**Exercise:** Omit all pictures. Quote only the lines from the one with "The Roberto Cavalli" through the end of the material below.

**Source material:**

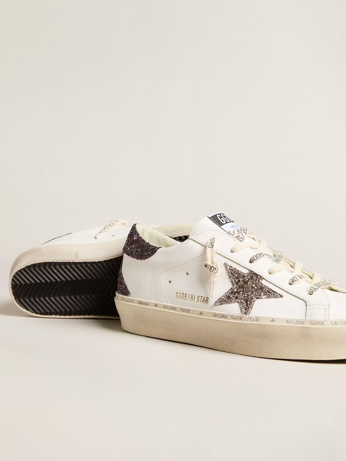 Golden Goose موديل Hi Star يتميّز بالجليتر البنفسجي على الكعب والنجمة الفضية اللامعة – فخم وملفت للنظر 👟✨
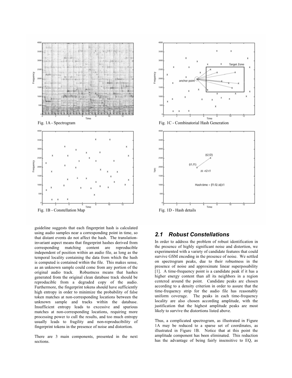 数据库和录制的音频文件都需要提取可复现的哈希“令牌”,也即指纹。从未知音频中提取的指纹需要和音乐库中提取的海量指纹进行匹配。匹配上的指纹会用来衡量匹配的正确性。提取的指纹需要满足几个指导性原则:时间局部性(temporally localized),转换不变性(translation-invariant),鲁棒性(robust)和指纹信息量大(sufficiently entropic)。时间局部性表示指纹是由时间上接近的音频数据构造的,这样较远时刻的事件不会对该指纹产生影响(如果指纹是由时刻相距较远的音频数据构造的,则指纹会很不稳定,易受到外界噪音干扰)。转换不变性表示提取的指纹必须和位置无关,并且是可复现的。这是因为用户录音可以从任意位置开始。鲁棒性表示从“干净”音乐中提取的指纹也必须可以从含有各种噪音的音频中复现。此外,指纹也必须要包含足够的信息以便减少错误位置的无用匹配。指纹包含的信息量过少通常会导致冗余繁琐的匹配,从而浪费大量计算资源。但是,如果指纹包含的信息量过多又会导致指纹的脆弱性,使指纹在噪音和失真环境下不能复现。
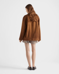 Codes belonging to different aesthetics are combined in the design of this jacket with refined style. The garment is made of suede characterized by a distressed finish that gives it vintage allure. - Product code: 58A212_1V97_F0005_S_OOO - Lined garment - Straight fit - Center button closure - Bowling collar - Straight sleeves - Wide welt pockets - Leather triangle logo on the back - Vintage treatment - Imported - The model is 178 cm tall and wears a size 38 Height: 72cm MATERIALS Main material: Lambskin
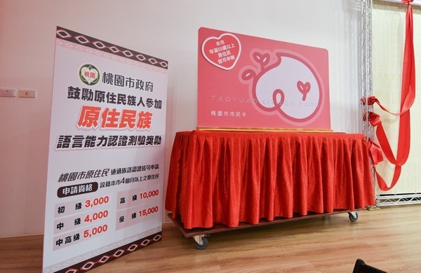 桃園除了率先實施原住民學生族語認證獎勵以外,今年更擴大獎勵對象,鼓勵所有本市原住民族人參加原住民族語言能力認證測驗,凡設籍本市4個月以上的原住民通過族語認證皆可申請初級3,000元、中級4,000元、中高級5,000元、高級10,000元、優級15,000元獎金,希望透過擴大獎勵方式,鼓勵報考認證,推廣原住民母語扎根。
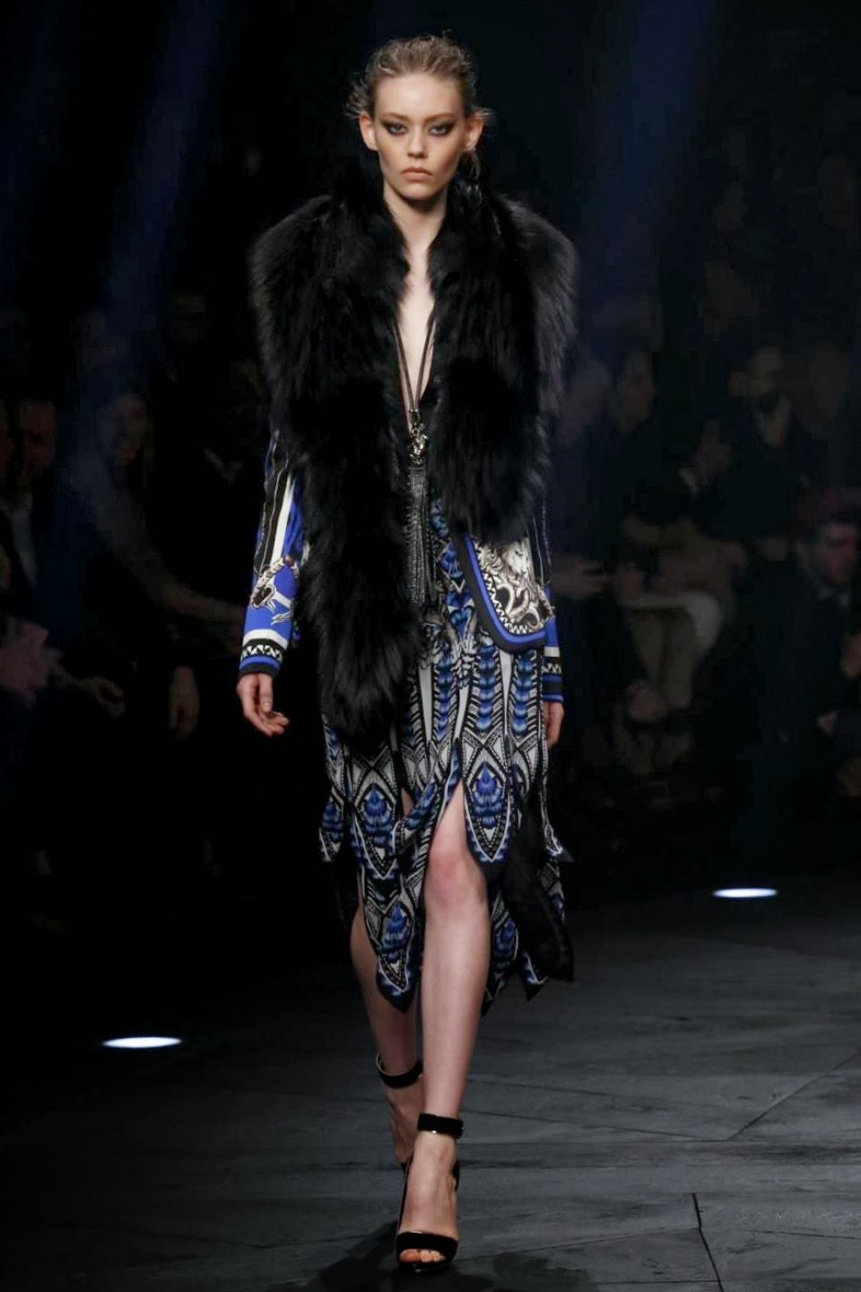 The Roberto Cavalli show was really feminine and he used a lot of grey, black and white in the clothing. The outerwear was definitely my favorite. The collection captured a lot of beautiful ponchos and long coats for the autumn/winter season. Besides he had a lot of bejeweled dresses and pants in his collection which makes this collection very glamourous.
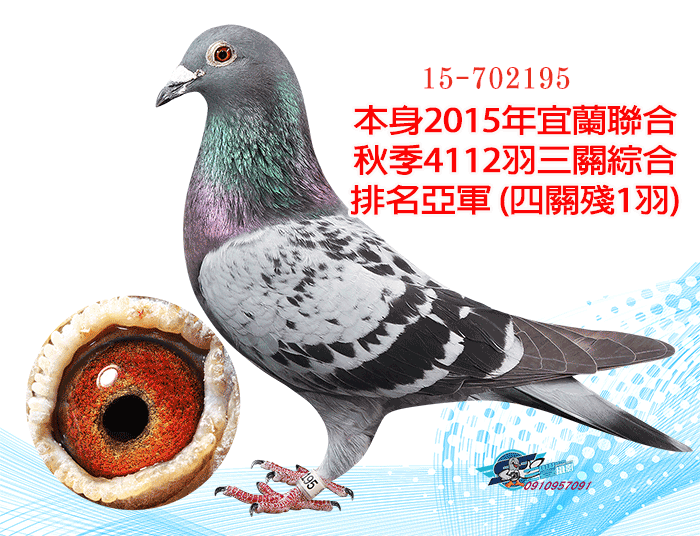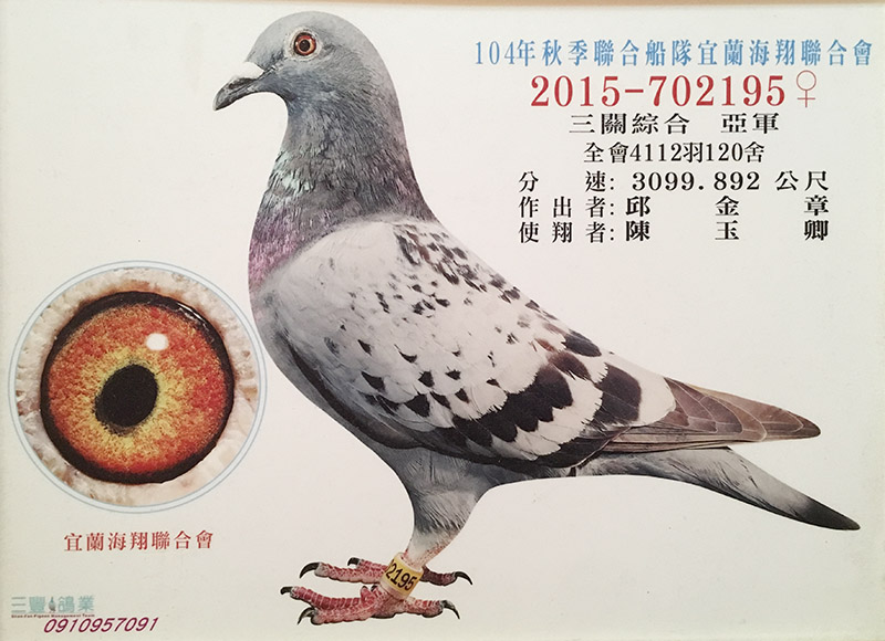 ▲母鴿:15-702195秋季宜蘭聯合三關綜合排名亞軍(四關殘1羽)(拍賣鴿NO116)
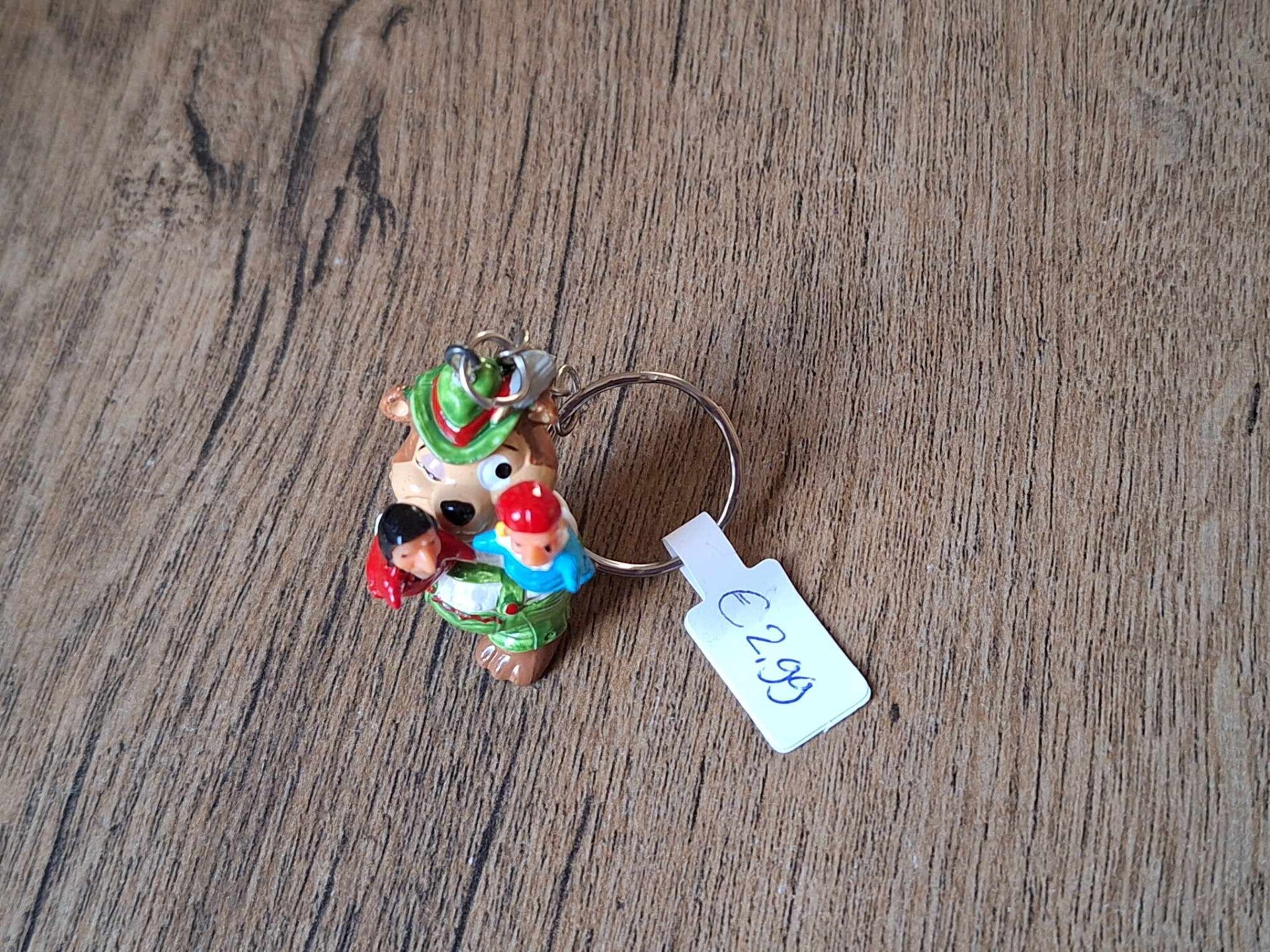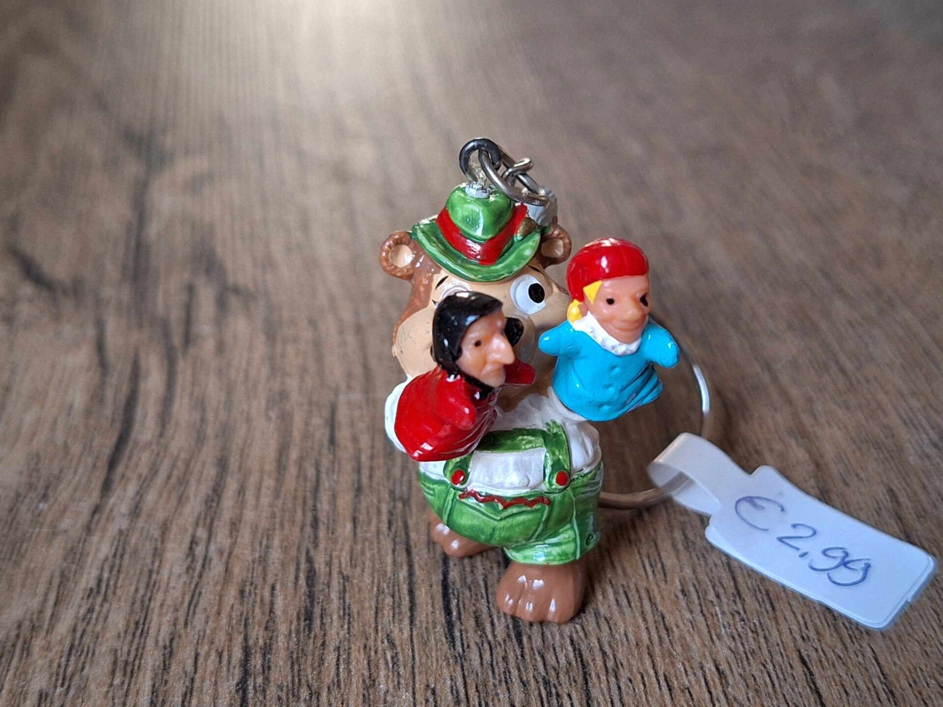 De sleutelhanger is handgemaakt met een leuk figuurtje : beer met handpoppen !!Het figuurtje is ongeveer 4cm groot.Materiaal : kunststof.

**Answer to this exercise:**
 The Roberto Cavalli show was really feminine and he used a lot of grey, black and white in the clothing. The outerwear was definitely my favorite. The collection captured a lot of beautiful ponchos and long coats for the autumn/winter season. Besides he had a lot of bejeweled dresses and pants in his collection which makes this collection very glamourous.
 ▲母鴿:15-702195秋季宜蘭聯合三關綜合排名亞軍(四關殘1羽)(拍賣鴿NO116)
 De sleutelhanger is handgemaakt met een leuk figuurtje : beer met handpoppen !!Het figuurtje is ongeveer 4cm groot.Materiaal : kunststof.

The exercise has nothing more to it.